UN Observer Says Taliban Policies Making Afghan Women Invisible

A senior United Nations observer Thursday expressed serious concern about the “erasure of women from public life” across Afghanistan since the Islamist Taliban seized power in August. 

 

“Afghanistan is facing a plethora of critical human rights challenges that are having a severe impact on the population,” Richard Bennett, the U.N. special rapporteur on the situation of human rights in Afghanistan, told a news conference in Kabul at the end of his 11-day maiden trip to the country.  

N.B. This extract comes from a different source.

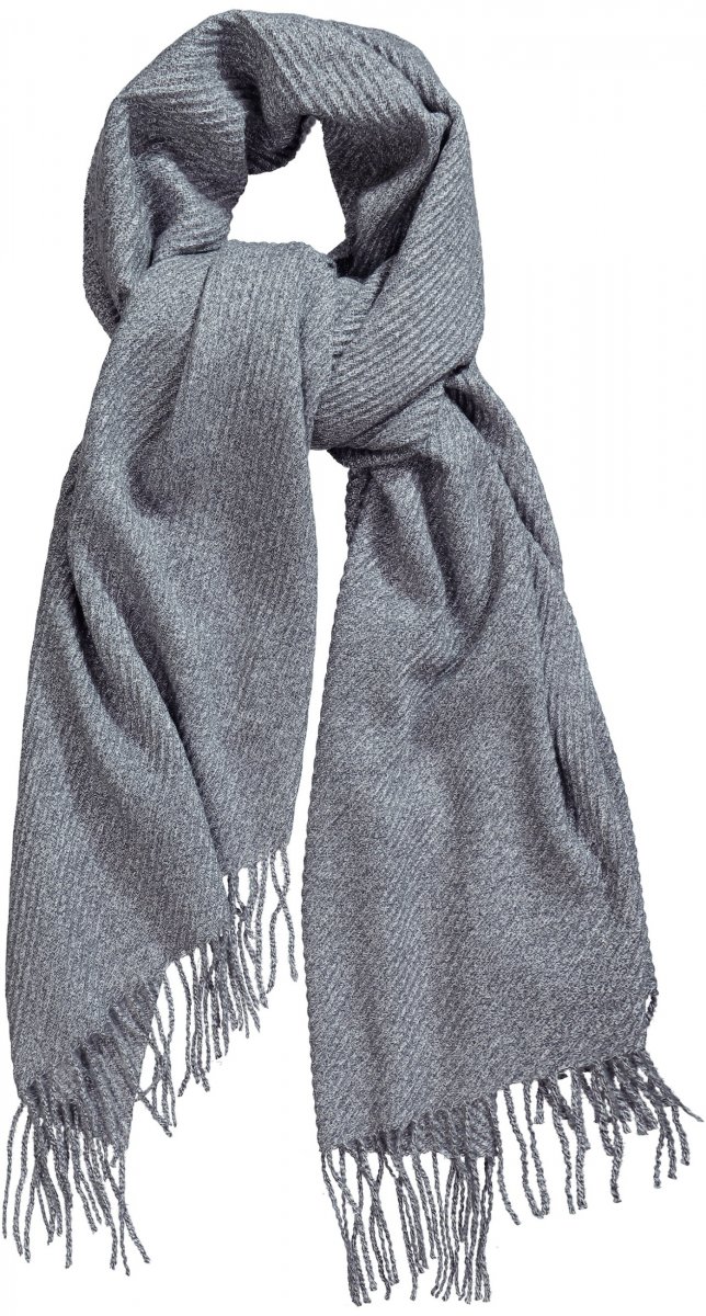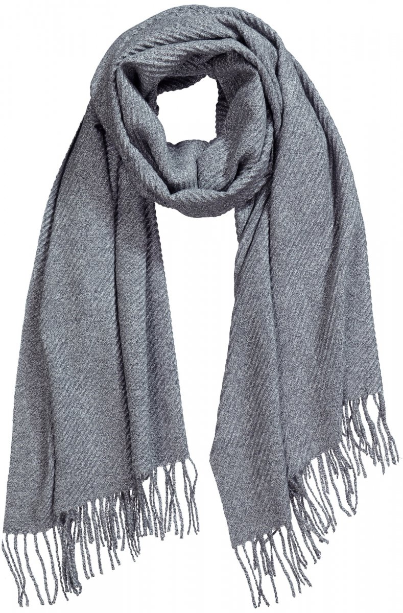 Ulla Popken Ribbed Knit Fringed Hem Scarf Grey Melange

“I urge the authorities to acknowledge the human rights challenges that they are facing and to close the gap between their words and their deeds,” he stressed.  

 

The insurgent-turned-ruling group’s male-only government has suspended Afghan girls’ secondary education, prevented most female employees from returning to government jobs, barred women from traveling alone, ordered them to cover up fully in public, including their faces, and strongly advised them to stay at home. 

 

Bennett said the policies “fit the pattern of absolute gender segregation and are aimed at making women invisible in society.” 

 

“The de facto authorities have failed to acknowledge the magnitude and gravity of the abuses being committed, many of them in their name and their responsibility to address them and protect the entire population,” Bennett noted.  

 

The U.N. expert met with Taliban leaders, members of Afghan civil society, including women human rights defenders, journalists, minorities and victims of human rights violations.  

 

The U.N. expert spoke on a day when Taliban forces in Kabul reportedly disrupted a women’s protest that called for the reopening of girls’ schools.  

 

“Civil society space and media freedom is critical for a peaceful society in which rights are respected,” Bennett said.  

 

Bennett said he was able to visit a prison, hospitals, schools and mosques in several places in the Afghan capital, and northern Mazar-i-Sharif, as well as southern Kandahar cities.  

 

Bennett noted the Taliban had extended their invitation for him to access the entire country and to visit sensitive locations “in a crucial commitment to ensure that transparent monitoring can be undertaken.”  

 

The international community has not recognized the Taliban as the legitimate rulers of Afghanistan, saying the issue would come under consideration only after the Islamist group adheres to its pledges to protect the human rights of all Afghans, especially those of women.  

 

The Taliban seized power from the Western-backed former government in August when the last U.S.-led international forces withdrew from the country after almost 20 years of war with the Islamist group.  

 

“The Taliban stands at a crossroads. Either the society will become more stable and a place where every Afghan enjoys freedom and human rights, or it will become increasingly restrictive,” Bennett cautioned. He will present the findings of his first report to the September session of the U.N. Human Rights Council.